Genetic variation in bactericidal/permeability increasing protein influences the risk of developing rapid airflow decline after hematopoietic cell transplantation

Jason W Chien*, Lue Ping Zhao, John A Hansen, Wen Hong Fan, Tanyalak Parimon, and Joan G Clark

Clinical Research Division and Public Health Science Division, Fred Hutchinson Cancer Research Center, Seattle, WA, USA

* Corresponding author; email: jchien{at}fhcrc.org.

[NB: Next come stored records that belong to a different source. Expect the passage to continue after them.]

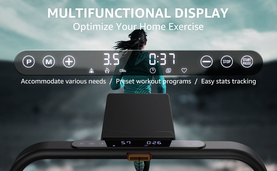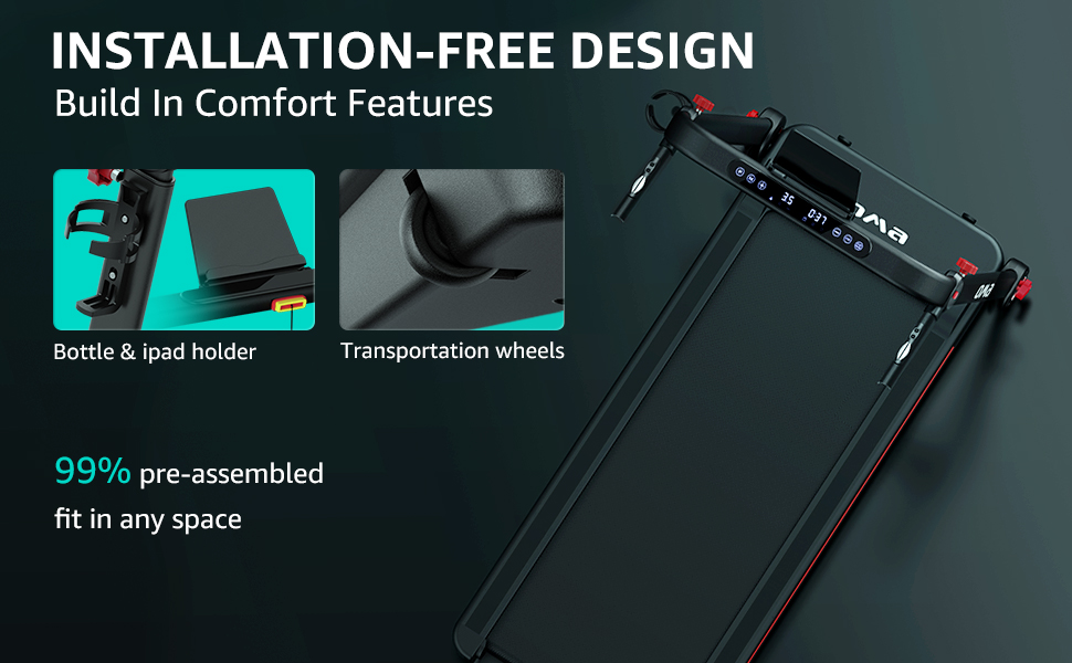 • Easy To Assemble & Use--Our treadmill for home is designed with 99% pre-assembled and can be used directly after out of the box. It only takes about a few minutes to unfold by yourself, very friendly to every home exerciser. Easy to operate, comfortable for walking, jogging and running. Simplicity of the design, with higher functionality.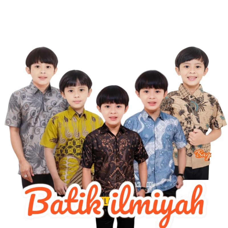 Kemeja Batik Anak Laki Laki Usia 1 2 3 4 5 6 7 8 9 10 11 12 13 tahun Motif Terbaru Warna Hitam Coklat Biru Denim Abu Kuning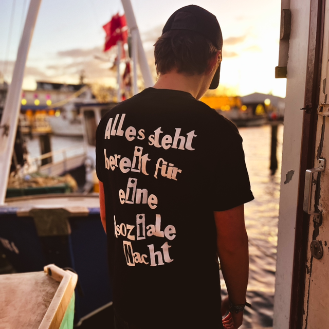 Dieses Shirt sagt alles – in kräftigen Lettern und mit klarer Haltung. Inspiriert vom Lyric der Single Asoziale Nacht bringt es den Sound und das Gefühl der Nacht direkt auf Stoff. Schwarzes Shirt, weißer Print, verzerrte Typo – für laute Abende und lange Nächte.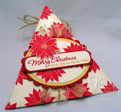 Today I have some more awesome stuff to show you! This time, we're featuring the work of Guest Diva Sarah Gough. After seeing some of Sarah's Verve creations, we knew she needed to be a Guest Diva for us!The first project I'm featuring today is Sarah's Triangle Box using Poinsettia Christmas. I love how she created depth with the circles and cut out flowers, and the multi-colored sentiment is to die for! I think my favorite part, though, is the ribbon treatment. The white sheer ribbon paired with gold cord is totally STUNNING!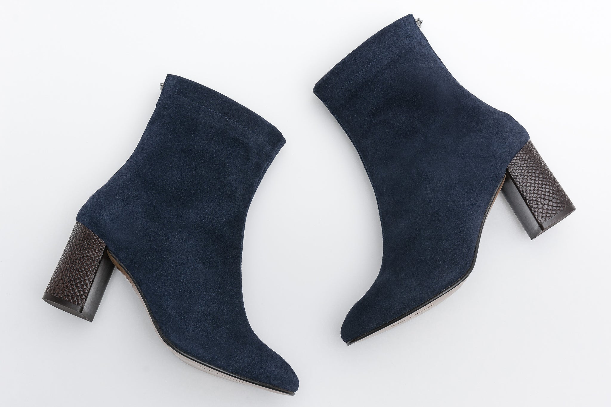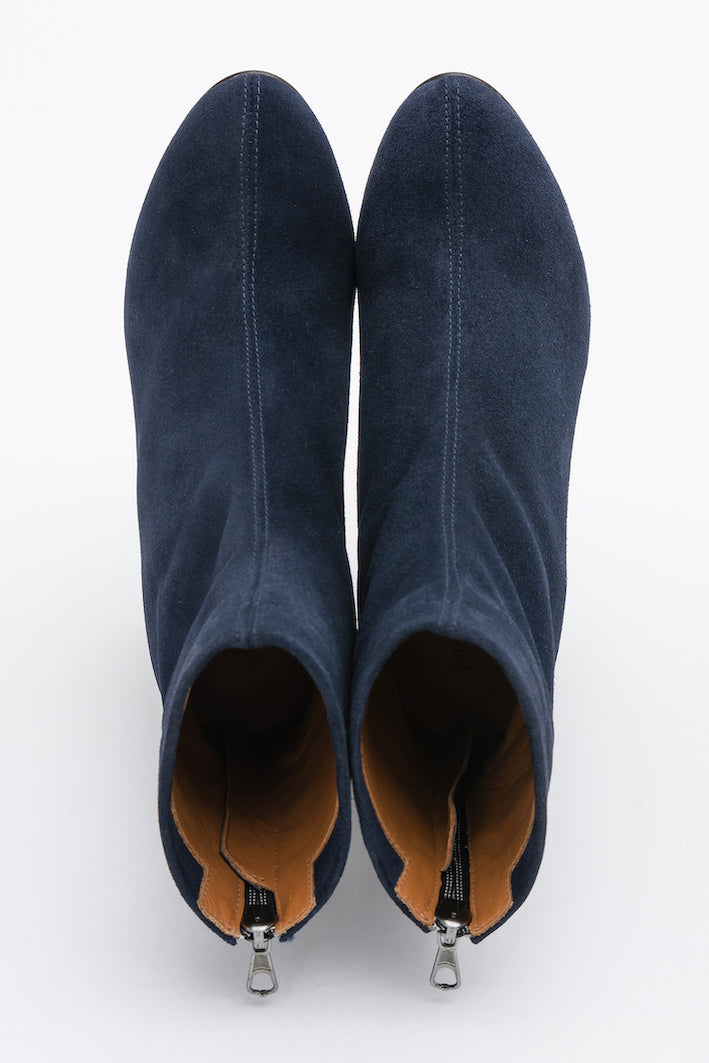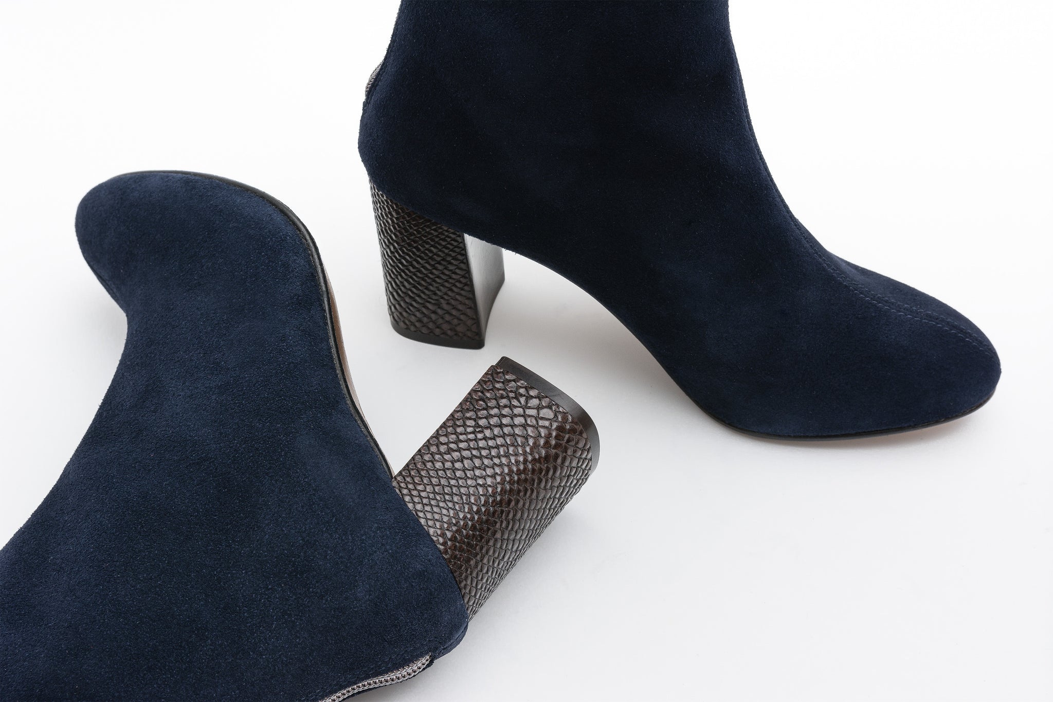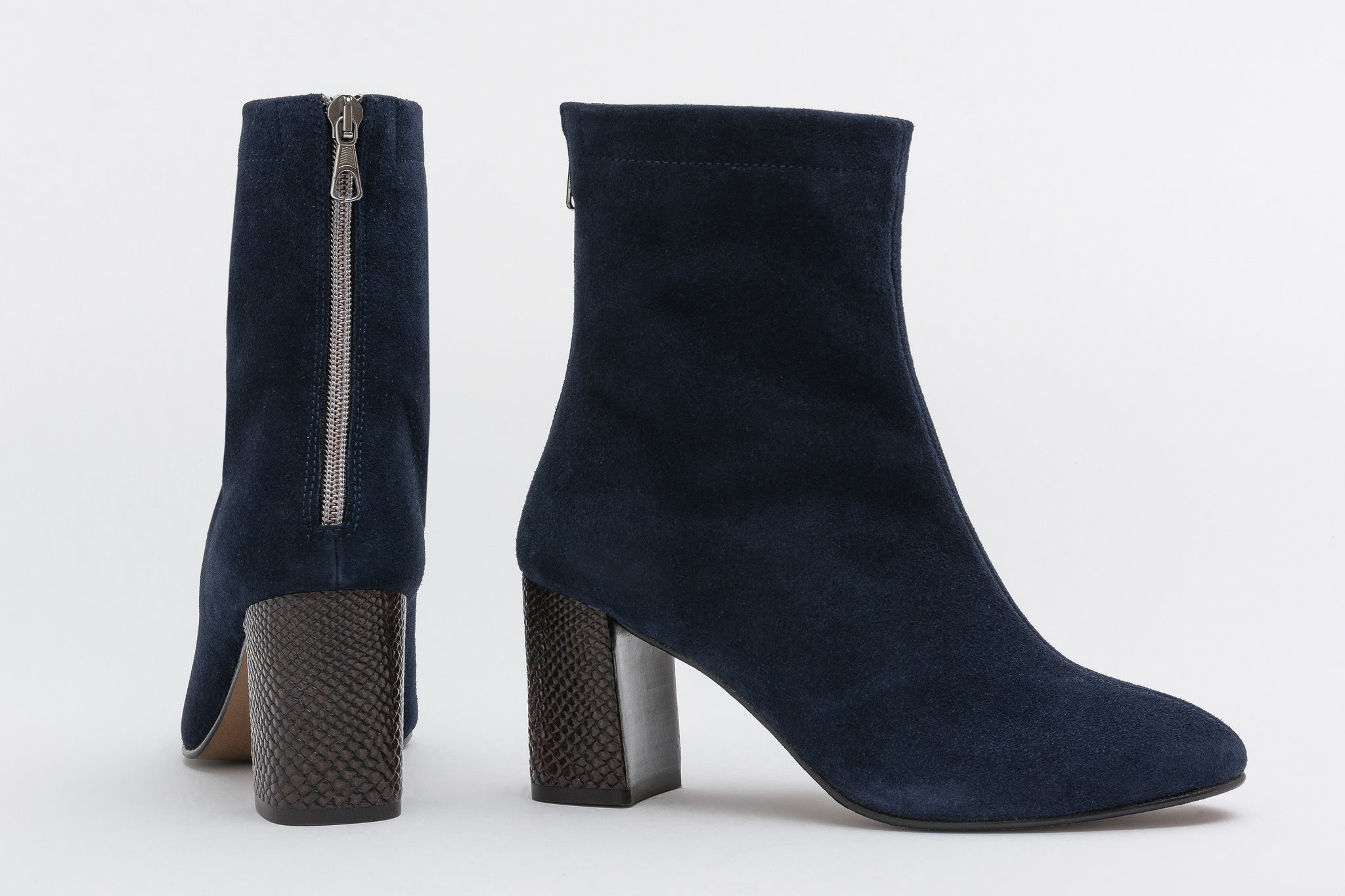 Deanna on velour Marino is a wardrobe staple for the new fall winter season. Handcrafted on a soft velour, they are fitted with a metallic back zipper and sitted on a decorated stacked cuban heel. Style yours with a pair of mid lentgh retro corduroy pants and basic V-neck tshirts.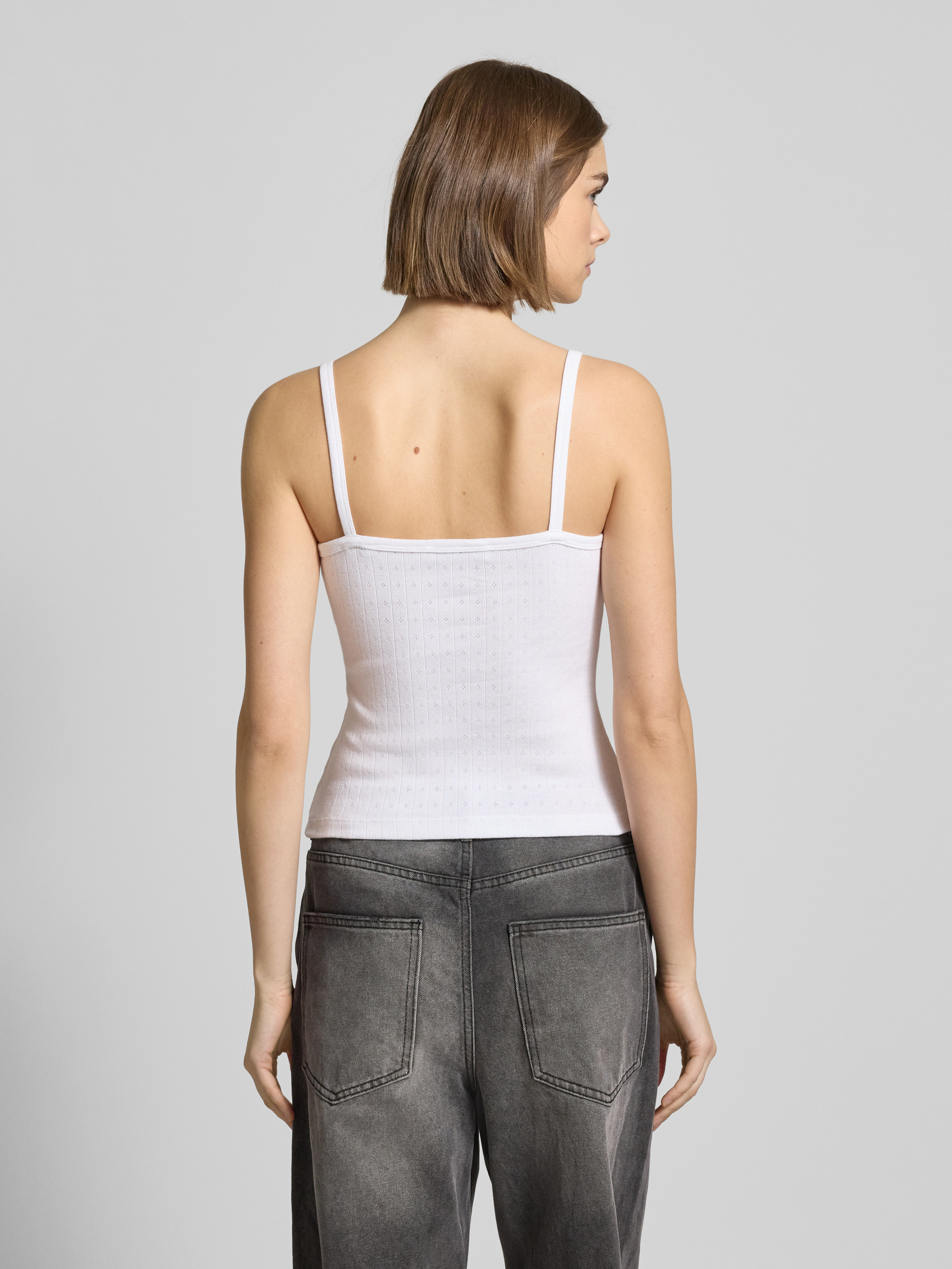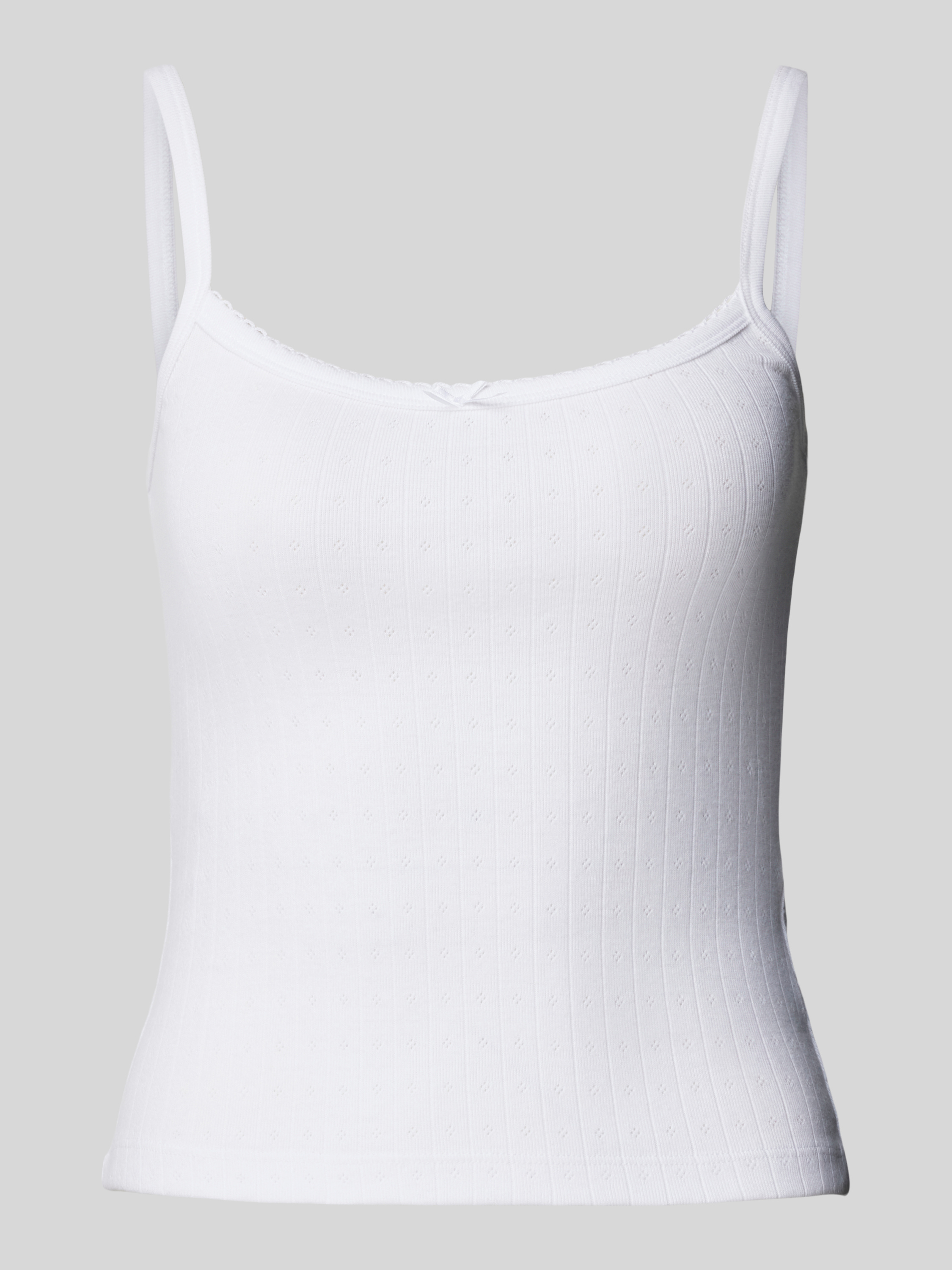 Das Top von REVIEW, aus reiner Baumwolle gefertigt, kombiniert einen körpernahen Schnitt mit zarten Spaghettiträgern und einem charmanten Schleifen-Detail. Der U-Boot-Ausschnitt ergänzt den Spitzenbesatz elegant und schafft so ein feminines Gesamtbild. Ein vielseitiges Kleidungsstück, das sich ideal für verschiedenste Anlässe eignet.

Innate immunity is involved in the biology of graft versus host disease and common airways diseases. We screened 15 genes in this pathway using a haplotype approach to identify potential candidate genes that may be involved in the development of airflow obstruction after hematopoietic cell transplant. Sixty-nine haplotype tagging single nucleotide polymorphisms were selected for assessment in a discovery cohort (N=363). Significant associations were validated in a validation cohort (N=209). Expression of the candidate gene was demonstrated by detecting gene transcript and protein in malignant and normal small airway epithelial cells. In the discovery cohort, 133 patients developed significant airflow decline. Four patient and donor bactericidal permeability increasing (BPI) haplotypes were associated with a 2 to 3-fold increased risk for developing significant airflow decline (p-values 0.004 to 0.038). This association was confirmed in the validation cohort, which had 66 patients with significant airflow decline, with 9 significant haplotypes (p-values 0.013 to 0.043). BPI gene transcript and protein was detected in airway epithelial cells. These results suggest mutations in the BPI gene significantly influence the risk for developing rapid airflow decline after hematopoietic cell transplantation and may represent a novel therapeutic target for this form of airways disease.